:: PROBLEM TO SOLVE ::
Copy all the entries below exactly, but not the pictures.

──────

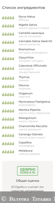 Pyrus Malus seed oil (растительное масло яблочных семян), Nigella sativa seed oil (растительное масло семян черного тмина), Camellia sasanqua oil (растительное масло сасанквы), Cannabis sativa seed oil (растительное масло семян конопли), Rosmarinus officinalis CO2 – extract (СО2 – экстракт розмарина лекарственного), Glycyrrhiza glabra CO2 – extract (СО2 – экстракт солодки голой), Calendula officinalis CO2 – extract (СО2 – экстракт календулы лекарственной), Thymus satureioides essential oil (эфирное масло тимьяна марокканского), Daucus carota essential oil (эфирное масло семян моркови), Origanum heracleoticum essential oil (эфирное масло орегано греческого), Myrocarpus fastigiatus essential oil (эфирное масло мирокарпуса), Mentha piperita essential oil (эфирное масло мяты перечной), Pelargonium x asperum essential oil (эфирное масло герани), Сhamaemelum nobile essential oil (эфирное масло ромашки римской), Cananga odorata essential oil (эфирное масло иланг – иланга), Copaifera officinalis essential oil (эфирное масло копаиферы), Melaleuca alternifolia essential oil (эфирное масло чайного дерева)
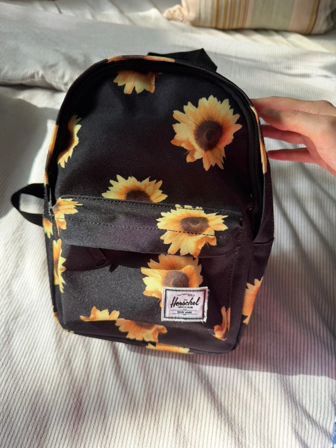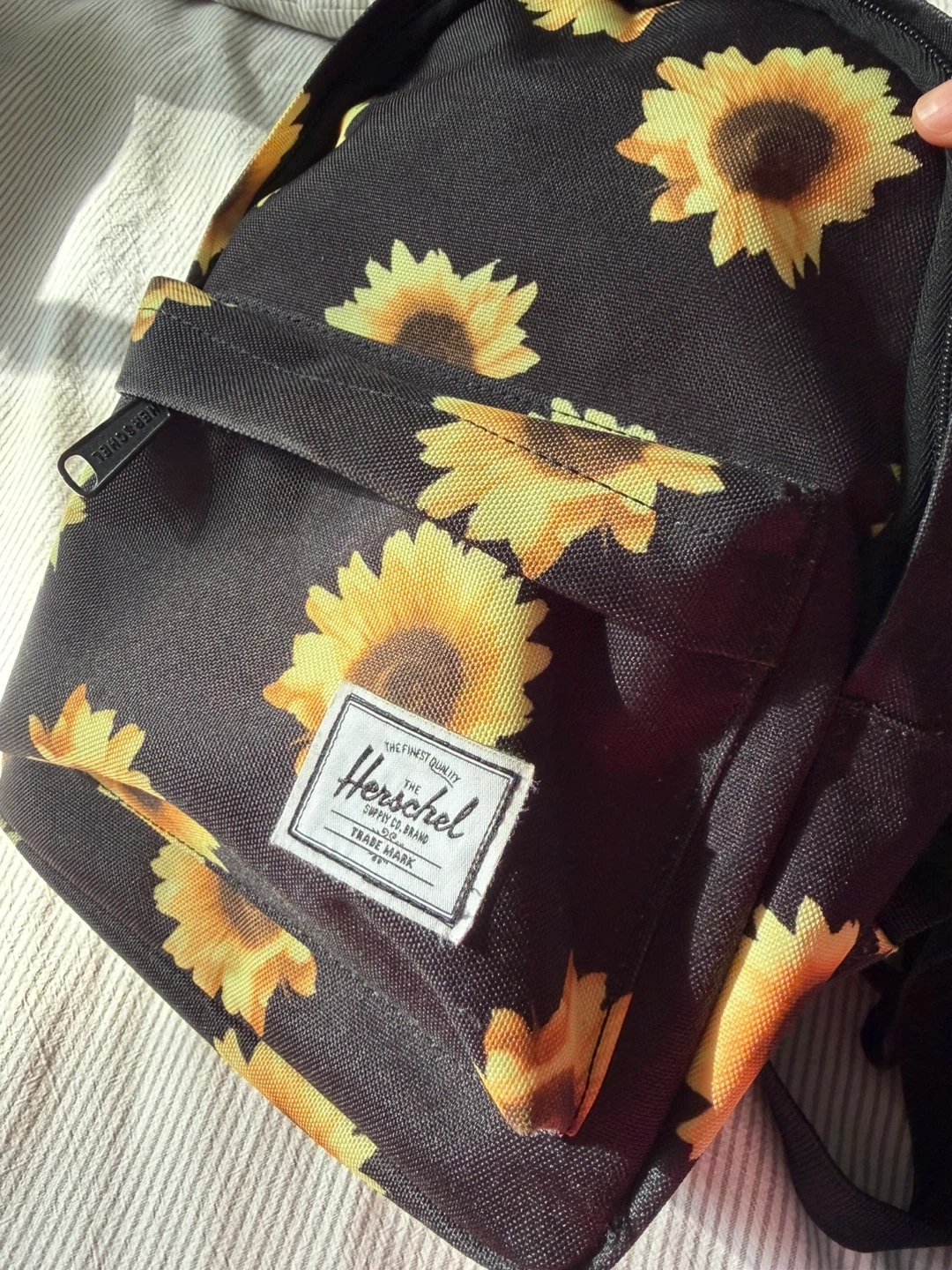27This Herschel backpack features a fun sunflower print on a black background. It's in great condition and has a red and white striped interior lining. Perfect for carrying your essentials around town! Dimensions 28cm (H) x 21cm (W) x 13cm (D)
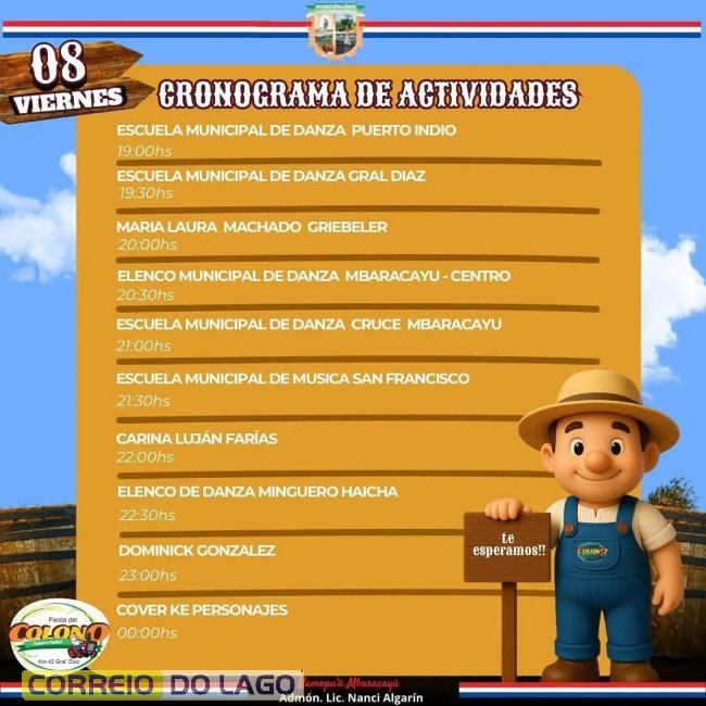 Começou na noite de quarta-feira (06) e seguirá até domingo (10), em Mbaracayú, município do Paraguai na região do lago de Itaipu, em frente a Santa Helena, no Paraná, a 17ª Festa do Colono, organizada pela comunidade de General Díaz (km 42).
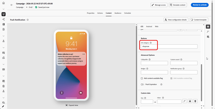 對於iOS,會指定通知類別識別碼。 必須在iOS應用程式中預先設定通知類別,以便定義要顯示的按鈕和要採取的動作。 如需詳細資訊,請參閱Apple檔案。
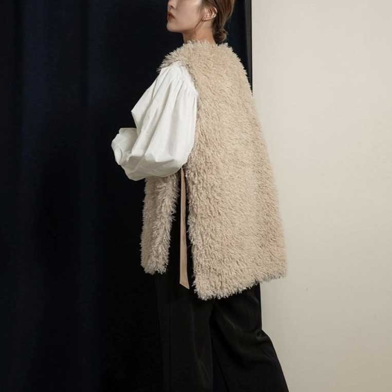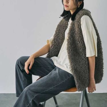 ふんわりとしたボアのような表情が魅力のカジュアルファーベストは、大人の抜け感カジュアルにぴったりの一着。
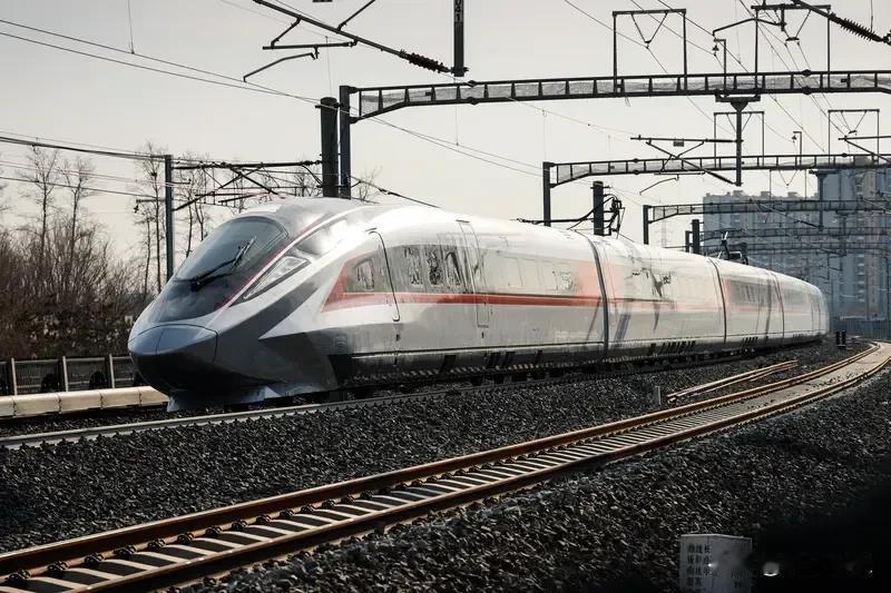 全球最快动车组CR450开展考核 时速450公里创纪录 被称作"全球最快高铁"的CR450动车组正在沪渝蓉高铁开展运用考核。自去年底样车下线以来,已通过多轮测试,交出时速450公里的答卷,各项指标均合格。这一突破使中国高铁继续保持世界领先地位,预计2026年将正式投入运营。
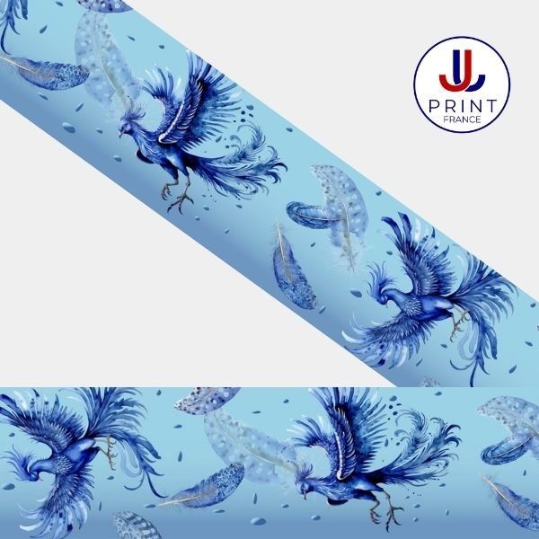 Créez des accessoires haut de gamme grâce à notre Biothane® imprimé en UV avec ce motif exclusif PHOENIX BLEU
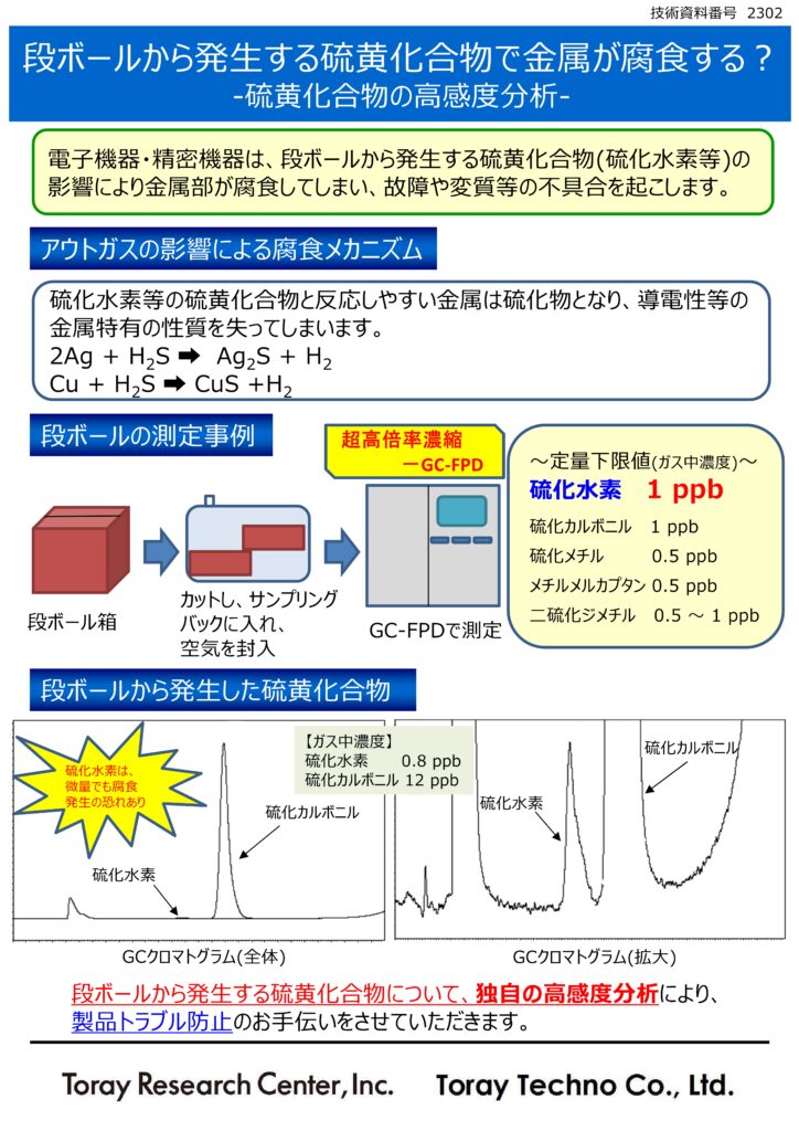 製品の破損防止を目的とする梱包材が、製品を腐食する可能性があることをご存じでしょうか。梱包材から発生する硫黄化合物は電子機器・精密機器を腐食し品質低下を招きます。東レテクノでは、硫黄化合物等を独自の高感度分析手法を用いて定量し、製品トラブル防止のお手伝いを行います。お気軽にお問合せください。
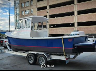 Powered by a 175 HP Suzuki outboard, this vessel cruises at a swift 33 knots, getting you to prime fishing spots and scenic island destinations in no time. Equipped with a state-of-the-art fishfinder, baitwell, rod holders, and an ice box, it's perfect for anglers and explorers alike. Enjoy your trip with our onboard audio system while taking in Boston’s stunning waterfront views.
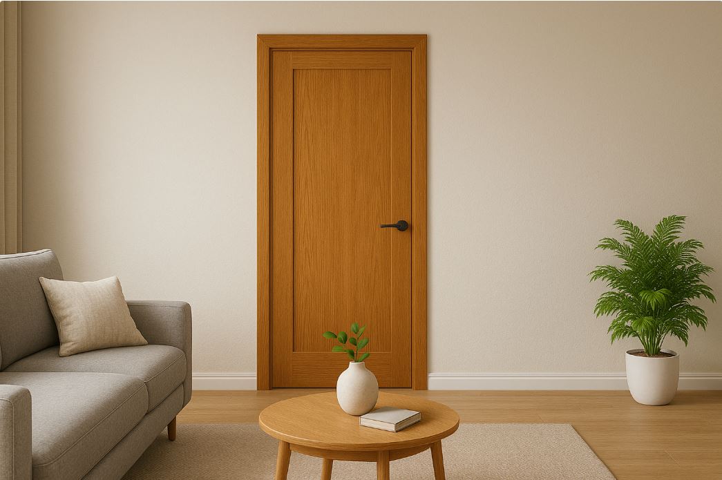 - 貼皮門/夾板門:外層貼木紋皮或薄板,外觀自然又輕盈,性價比高,適合一般臥室或書房使用。
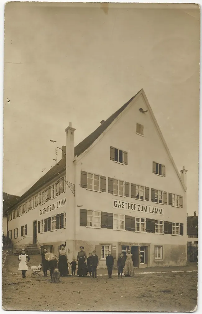 Der Gasthof zum Lamm war eine der ältesten Wirtschaften Laupheims. Im "Sonntagsstaat" haben sich drei Frauen und neun Kinder für den Fotografen vor dem stattlichen Gebäude aufgestellt.
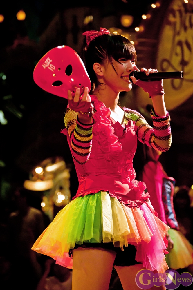 この日の登場した仮面女子のメンバーはアリス十番としても活動している、桜のどか・立花あんな・森カノン・渡辺まあり・川村虹花の5人。「全開ヒーロー」を披露するとサイリュームを手に持ったファンが熱い声援でライブを盛り上げる。
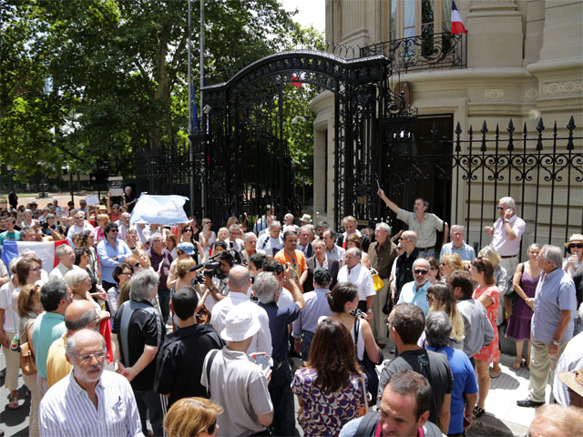 De la manifestación, realizada frente a la sede diplomática, la mansión Ortiz Basualdo, ubicada en la esquina de Arroyo y Cerrito, en el barrio porteño de Retiro, participaron el embajador francés,

──────

:: RESULT OF THE TASK ::
 Pyrus Malus seed oil (растительное масло яблочных семян), Nigella sativa seed oil (растительное масло семян черного тмина), Camellia sasanqua oil (растительное масло сасанквы), Cannabis sativa seed oil (растительное масло семян конопли), Rosmarinus officinalis CO2 – extract (СО2 – экстракт розмарина лекарственного), Glycyrrhiza glabra CO2 – extract (СО2 – экстракт солодки голой), Calendula officinalis CO2 – extract (СО2 – экстракт календулы лекарственной), Thymus satureioides essential oil (эфирное масло тимьяна марокканского), Daucus carota essential oil (эфирное масло семян моркови), Origanum heracleoticum essential oil (эфирное масло орегано греческого), Myrocarpus fastigiatus essential oil (эфирное масло мирокарпуса), Mentha piperita essential oil (эфирное масло мяты перечной), Pelargonium x asperum essential oil (эфирное масло герани), Сhamaemelum nobile essential oil (эфирное масло ромашки римской), Cananga odorata essential oil (эфирное масло иланг – иланга), Copaifera officinalis essential oil (эфирное масло копаиферы), Melaleuca alternifolia essential oil (эфирное масло чайного дерева)
27This Herschel backpack features a fun sunflower print on a black background. It's in great condition and has a red and white striped interior lining. Perfect for carrying your essentials around town! Dimensions 28cm (H) x 21cm (W) x 13cm (D)
 Começou na noite de quarta-feira (06) e seguirá até domingo (10), em Mbaracayú, município do Paraguai na região do lago de Itaipu, em frente a Santa Helena, no Paraná, a 17ª Festa do Colono, organizada pela comunidade de General Díaz (km 42).
 對於iOS,會指定通知類別識別碼。 必須在iOS應用程式中預先設定通知類別,以便定義要顯示的按鈕和要採取的動作。 如需詳細資訊,請參閱Apple檔案。
 ふんわりとしたボアのような表情が魅力のカジュアルファーベストは、大人の抜け感カジュアルにぴったりの一着。
 全球最快动车组CR450开展考核 时速450公里创纪录 被称作"全球最快高铁"的CR450动车组正在沪渝蓉高铁开展运用考核。自去年底样车下线以来,已通过多轮测试,交出时速450公里的答卷,各项指标均合格。这一突破使中国高铁继续保持世界领先地位,预计2026年将正式投入运营。
 Créez des accessoires haut de gamme grâce à notre Biothane® imprimé en UV avec ce motif exclusif PHOENIX BLEU
 製品の破損防止を目的とする梱包材が、製品を腐食する可能性があることをご存じでしょうか。梱包材から発生する硫黄化合物は電子機器・精密機器を腐食し品質低下を招きます。東レテクノでは、硫黄化合物等を独自の高感度分析手法を用いて定量し、製品トラブル防止のお手伝いを行います。お気軽にお問合せください。
 Powered by a 175 HP Suzuki outboard, this vessel cruises at a swift 33 knots, getting you to prime fishing spots and scenic island destinations in no time. Equipped with a state-of-the-art fishfinder, baitwell, rod holders, and an ice box, it's perfect for anglers and explorers alike. Enjoy your trip with our onboard audio system while taking in Boston’s stunning waterfront views.
 - 貼皮門/夾板門:外層貼木紋皮或薄板,外觀自然又輕盈,性價比高,適合一般臥室或書房使用。
 Der Gasthof zum Lamm war eine der ältesten Wirtschaften Laupheims. Im "Sonntagsstaat" haben sich drei Frauen und neun Kinder für den Fotografen vor dem stattlichen Gebäude aufgestellt.
 この日の登場した仮面女子のメンバーはアリス十番としても活動している、桜のどか・立花あんな・森カノン・渡辺まあり・川村虹花の5人。「全開ヒーロー」を披露するとサイリュームを手に持ったファンが熱い声援でライブを盛り上げる。
 De la manifestación, realizada frente a la sede diplomática, la mansión Ortiz Basualdo, ubicada en la esquina de Arroyo y Cerrito, en el barrio porteño de Retiro, participaron el embajador francés,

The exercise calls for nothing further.